Tuesday, November 27, 2012

ANARKISME EPISTEMOLOGIS PAUL KARL FEYERABEND



A. Feyerabend dan Latar Belakang Pemikirannya

            Paul Karl Feyerabend dilahirkan pada tahun 1924 di Wina, Austria. Tahun 1945 ia belajar seni theater dan sejarah theater di Institute for Production of Theater, The Methodological Reform of the German Theater di Waimar. Sepanjang hidupnya ia menyukai drama dan kesenian. Hal ini tampak dalam karya-karyanya, di mana ia memasukan contoh-contoh dari dunia seni untuk menjelaskan pemikiran ilmiahnya.

            Ia mempelajari Astronomi, Matematika, Sejarah, Filsafat dan memperoleh gelar Doktor dalam bidang Fisika di Wina, Austria. Dalam hidupnya ia percaya bahwa ilmu pengetahuan itu paling hebat dan bahwa terdapat hukum-hikum universal yang berlaku dalam segala tindakan yang secara ilmiah dapat dipertanggung jawabkan.
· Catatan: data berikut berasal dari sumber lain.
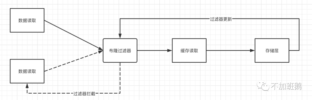 缓存穿透和击穿不同的点在于穿透是由于请求的数据是本身不存在的或者恶意请求的数据导致大量请求穿透到存储层从而对存储层造成很大的压力。由于数据不存在所以这类数据每次请求都会去访问存储层,对这类数据的拦截有两种常见的解决方案。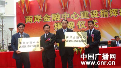 厦门市委书记于伟国(左二)、市长刘可清(左三)为两岸金融中心建设指挥部授牌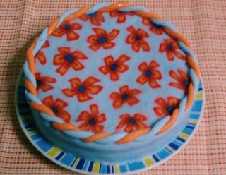 La torta è ricoperta in pasta di zucchero, la lavorazione è stata abbastanza laboriosa, ma il risultato è molto carino.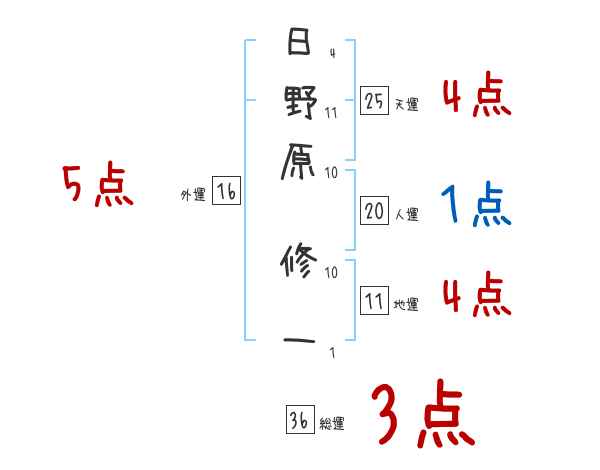 外運![]() | 日野原修一さんの外運は16画の5つ星!人望が厚く大きく発展する。逆転成功が見える。 生活面を象徴する運勢です。外部から受ける影響力を表し、結婚運、家庭運や職場、環境への順応性を表します。 |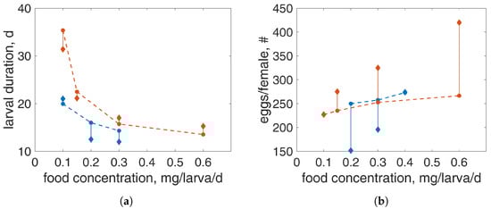 Data (diamonds) and model predictions (circles) for larval duration (a) and number of eggs/female (b) at different TetraMin concentrations. Vertical lines indicate the error between data and predictions. Data source: current study (orange, (a,b)), [] (blue, (a)), and [] (blue, (b)). In all experiments, temperature was 21 °C.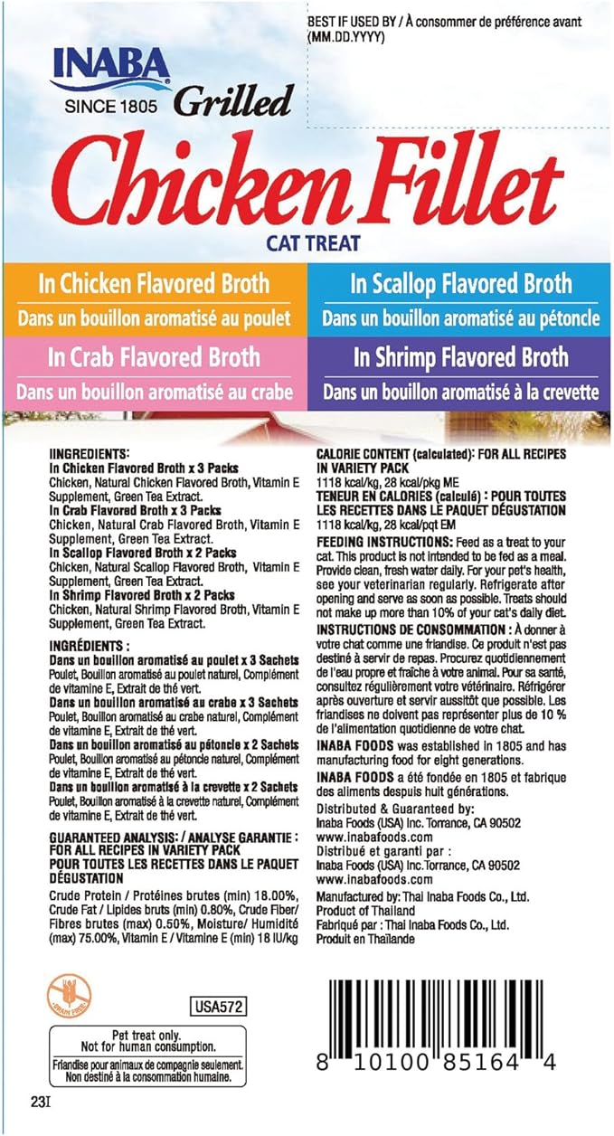 INABA Premium Grilled Chicken Fillet Cat Treats with Vitamin E and Green Tea Extract, 0.9 Ounces Each, Pack of 10, Variety Box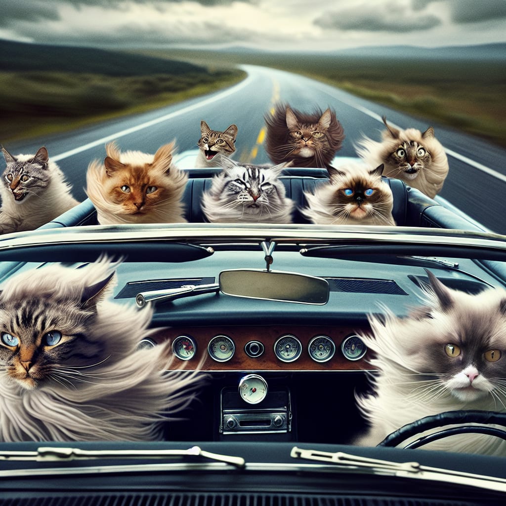 /showme cats in a car hanging on at 80 mph.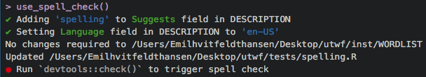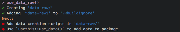 This is the end of this post, and there are many more functions in usethis that I haven’t covered here, both for development and otherwise. One set of functions I would like to highlight in particular is the Helpers for tidyverse development which helps you follow tidyverse conventions which are generally a little stricter than the defaults. If you have any questions or additions you would like to have added please don’t refrain from contacting me!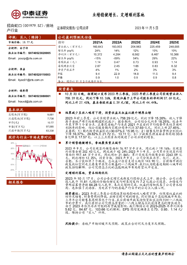 中泰证券:招商蛇口(001979)-业绩稳健增长、定增顺利落地.pdf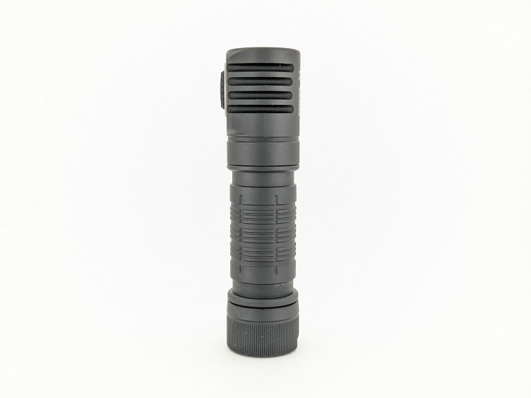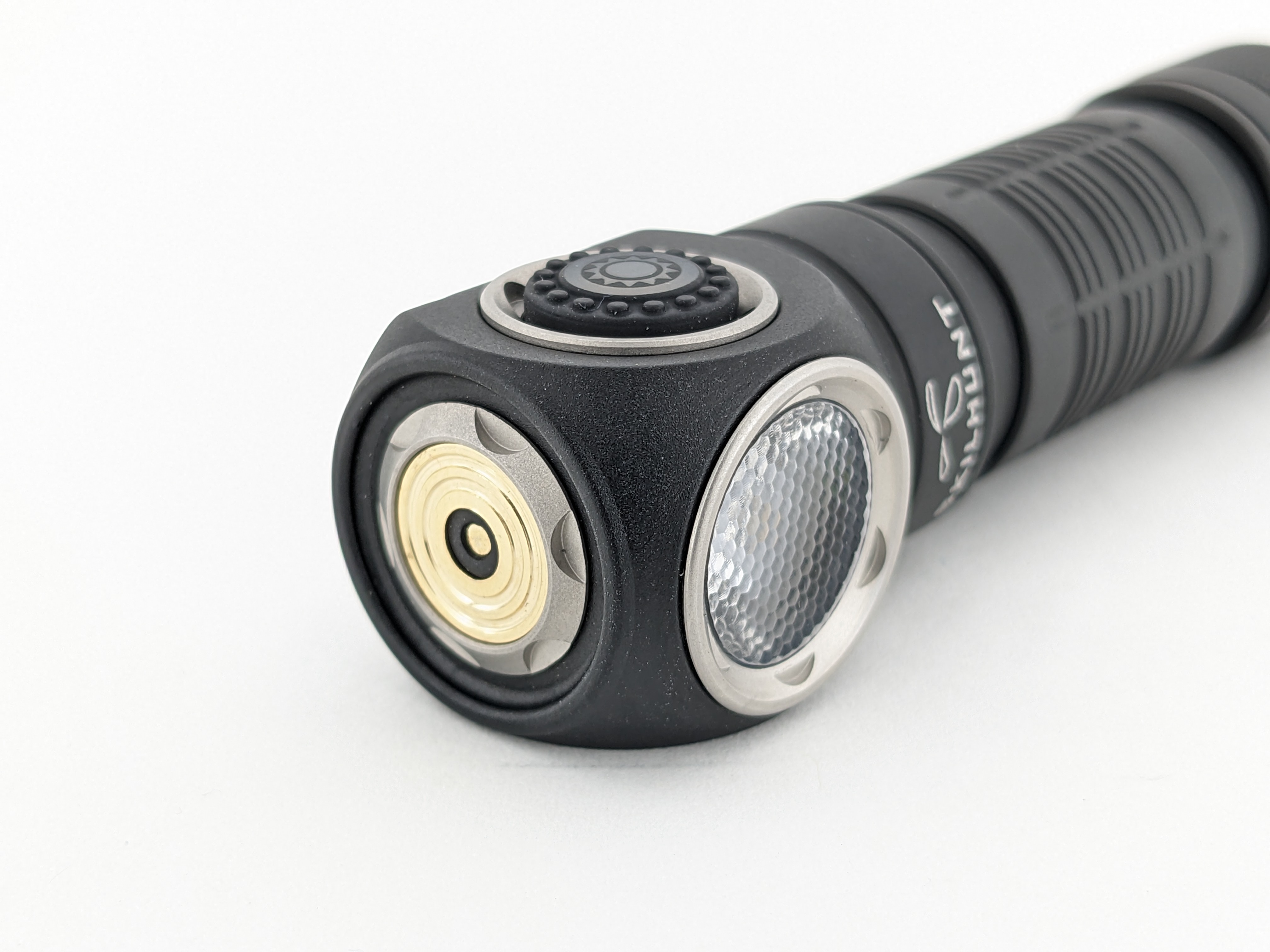 H150 uses an electronic switch mounted on the side of the head, rather than at the top of the head like many right-angle lights. This switch placement isn’t as good for handheld use but it’s much better for headlamp use. It positions the switch to be pinched between the user’s index finger and thumb, the most ergonomic switch position for a headlamp. It’s tactile, clicky, and feels nice. It’s also easy to find even in the dark.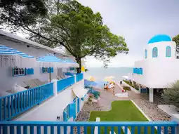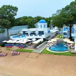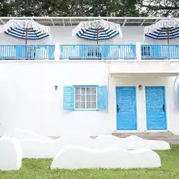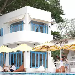 Newly opened beach cafe in Pattaya that you shouldn't miss. It comes in a Santorini style, bright colors, and is right on the sea. This place also offers accommodation. The atmosphere is great and there are many great photo spots. 🏖️✨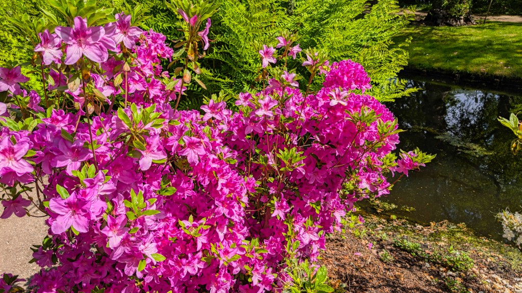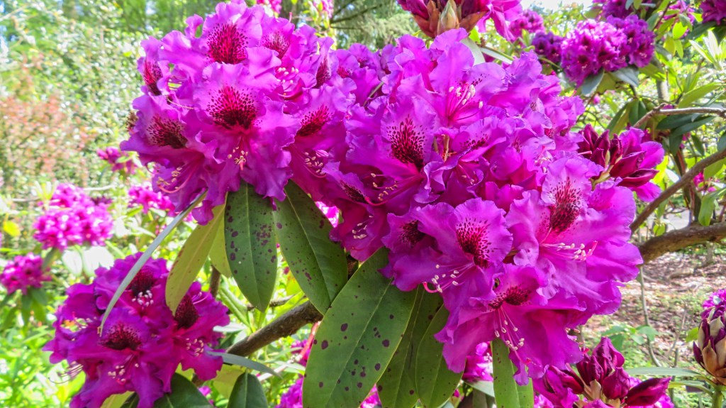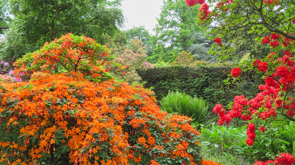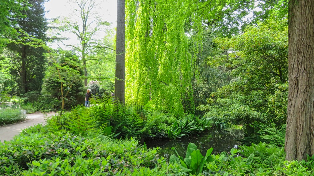Ik wandel tussen de bloeiende rododendrons in alle tinten: paars, wit, roze en rood. Verderop zie ik grote velden met hosta’s, varens, esdoorns en vetplanten. Ik volg de uitgezette route die met bordjes is aangegeven en langs alle hoogtepunten van het park leidt.

            Pada tahun 50-an, ia mengikuti seminar-seminar filsafat dari Karl Popper di London. Pada saat itu, ia masih memegang teguh keyakinan rasionalitasnya, namun akibat perkenalannya dengan Lakatos, pemikiran Feyerabend berubah drastis. Ia melihat keyakinan bahwa dalam sejarah mekanika kuantum, bermacam-macam patokan telah dilanggar dan anehnya patokan itu dijunjung tinggi oleh para filsuf bagi perkembangan ilmu pengetahuan. Di sini,kemudian Feyerabend melihat bahwa segala pencarian hukum universal adalah ilusi belaka.

            Pada tahun 1958, ia menjadi guru besar Universitas California di Berkeley dan berkenalan dengan Carl Freither van Weizsacker, seorang ahli matematika kuantum. Berkat perkenalannya dengan Weizsacker inilah pemikiran anarkisme ilmu pengetahuan Feyerabend mencapai puncak. Puncak pemikiran anarkisnya tertuang dalam Against Method yang terbit pada tahun 1970.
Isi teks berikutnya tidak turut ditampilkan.